For hands-on tutorials, please check out:
What are State Stores?
State stores allow KSML applications to:
- Maintain state between messages for aggregations, counts, and joins
- Track historical information for context-aware processing
- Build complex business logic that depends on previous events
State Store Types
KSML supports three types of state stores, each optimized for specific use cases:
Type | Description | Use Cases | Examples |
---|---|---|---|
keyValue |
Simple key-value storage | General lookups, non-windowed aggregations, manual state management | keyValue type state store |
window |
Time-windowed storage with automatic expiry | Time-based aggregations, windowed joins, temporal analytics | window type state store |
session |
Session-based storage with activity gaps | User session tracking, activity-based grouping | session type state store |
Configuration Methods
1. Pre-defined State Stores
Define once in the stores
section, reuse across operations:
stores:
owner_count_store:
name: owner_count_store
type: keyValue
keyType: string
valueType: long
retention: 5m
caching: false
persistent: true
logging: true
stores:
owner_count_store:
name: owner_count_store
type: keyValue
keyType: string
valueType: long
retention: 5m
caching: false
persistent: true
logging: true
Full example:
2. Inline State Stores
Define directly within operations for custom configurations:
- type: aggregate
store:
name: sensor_type_aggregates
type: keyValue
keyType: string
valueType: json
retention: 3m
caching: true
persistent: false
logging: false
Full example:
Configuration Parameters
Common Parameters (All Store Types)
Parameter | Type | Required | Default | Description |
---|---|---|---|---|
name |
String | No | Operation name | Unique identifier for the state store |
type |
String | Yes | - | Store type: keyValue , window , or session |
keyType |
String | Yes | - | Data type for keys (see Data Types Reference) |
valueType |
String | Yes | - | Data type for values |
persistent |
Boolean | No | false |
If true , survives application restarts |
caching |
Boolean | No | false |
If true , improves read performance but delays updates |
logging |
Boolean | No | false |
If true , creates changelog topic for recovery |
timestamped |
Boolean | No | false |
If true , stores timestamp with each entry |
Window Store Specific Parameters
Parameter | Type | Required | Default | Description |
---|---|---|---|---|
windowSize |
Duration | Yes | - | Size of the time window (must match operation's window duration) |
retention |
Duration | No | - | How long to retain window data (should be > windowSize + grace period) |
retainDuplicates |
Boolean | No | false |
Whether to keep duplicate entries in windows |
KeyValue Store Specific Parameters
Parameter | Type | Required | Default | Description |
---|---|---|---|---|
versioned |
Boolean | No | false |
If true , maintains version history of values |
historyRetention |
Duration | No (Yes if versioned) | - | How long to keep old versions |
segmentInterval |
Duration | No | - | Segment size for versioned stores |
Important: Versioned stores (versioned: true
) cannot have caching enabled (caching: false
is required).
Session Store Specific Parameters
Parameter | Type | Required | Default | Description |
---|---|---|---|---|
retention |
Duration | No | - | How long to retain session data |
Usage in Operations
With Aggregations
State stores are automatically used by aggregation operations:
pipelines:
calculate_statistics:
from: payment_stream
via:
- type: groupByKey
- type: aggregate
store:
type: keyValue
retention: 1h
caching: false
Full example:
With Manual State Access
Access state stores directly in functions for custom caching, enrichment, and state management:
stores:
user_profile_cache:
name: user_profile_cache
type: keyValue
keyType: string
valueType: json
persistent: true
logging: true
retention: 1h
functions:
enrich_and_cache:
type: valueTransformer
code: |
# Get cached data for this user
cached_data = user_profile_cache.get(key)
Full example
State Store with Manual State Access (click to expand)
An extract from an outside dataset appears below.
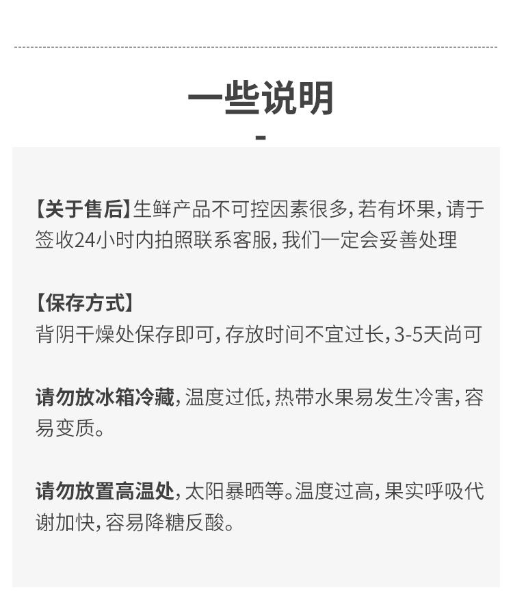 请勿放冰箱冷藏,温度过低,热带水果易发生冷害,容易变质。

# User events producer for manual state store access example
# Generates user activity events to demonstrate cache enrichment
streams:
user_events:
topic: user_events
keyType: string
valueType: json
functions:
generate_user_events:
type: generator
globalCode: |
import random
import time
users = ["user_001", "user_002", "user_003", "user_004", "user_005"]
actions = ["login", "view_product", "add_to_cart", "checkout", "logout"]
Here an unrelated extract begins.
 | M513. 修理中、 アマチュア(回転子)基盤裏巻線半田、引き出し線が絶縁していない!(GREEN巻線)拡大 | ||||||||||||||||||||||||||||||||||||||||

products = ["laptop", "phone", "tablet", "monitor", "keyboard"]
event_counter = 0
code: |
global event_counter
event_counter += 1
user_id = random.choice(users)
action = random.choice(actions)
event = {
"event_id": f"evt_{event_counter}",
"user_id": user_id,
"action": action,
"timestamp": int(time.time() * 1000)
}
# Add product info for relevant actions
if action in ["view_product", "add_to_cart"]:
event["product"] = random.choice(products)
event["price"] = round(random.uniform(50, 2000), 2)
return (user_id, event)
resultType: (string, json)
producers:
user_event_generator:
generator: generate_user_events
interval: 2s
to: user_events
State Store with Manual State Access (click to expand)
# Manual state store access example
# Demonstrates how to directly access state stores in functions for enrichment and caching
streams:
user_events_input:
topic: user_events
keyType: string
valueType: json
offsetResetPolicy: latest
enriched_events:
topic: enriched_user_events
keyType: string
valueType: json
stores:
user_profile_cache:
name: user_profile_cache
type: keyValue
keyType: string
valueType: json
persistent: true
logging: true
retention: 1h
functions:
enrich_and_cache:
type: valueTransformer
code: |
# Get cached data for this user
cached_data = user_profile_cache.get(key)
# Log the state access
if cached_data is not None:
log.info("Found cached data for user: {}", key)
else:
log.info("No cached data found for user: {}", key)
# Store the current event data in cache
user_profile_cache.put(key, value)
# Create enriched result
result = {
"event_id": value.get("event_id"),
"user_id": value.get("user_id"),
"action": value.get("action"),
"timestamp": value.get("timestamp"),
"has_cached_data": cached_data is not None
}
# Copy product fields if present
if value.get("product") is not None:
result["product"] = value.get("product")
result["price"] = value.get("price")
expression: result
resultType: json
stores:
- user_profile_cache
pipelines:
enrich_user_events:
from: user_events_input
via:
- type: transformValue
mapper: enrich_and_cache
- type: peek
forEach:
code: |
log.info("ENRICHED EVENT - User: {}, Action: {}, Has Cached Data: {}",
key,
value.get("action"),
value.get("has_cached_data"))
to: enriched_events
This example demonstrates:
- Store declaration: List store names in the function's
stores
parameter - State retrieval: Use
store_name.get(key)
to read cached data - State storage: Use
store_name.put(key, value)
to update cache - Null handling: Check if
cached_data is not None
for first-time detection
Key functions:
store.get(key)
- Retrieve value from state store (returns None if not found)store.put(key, value)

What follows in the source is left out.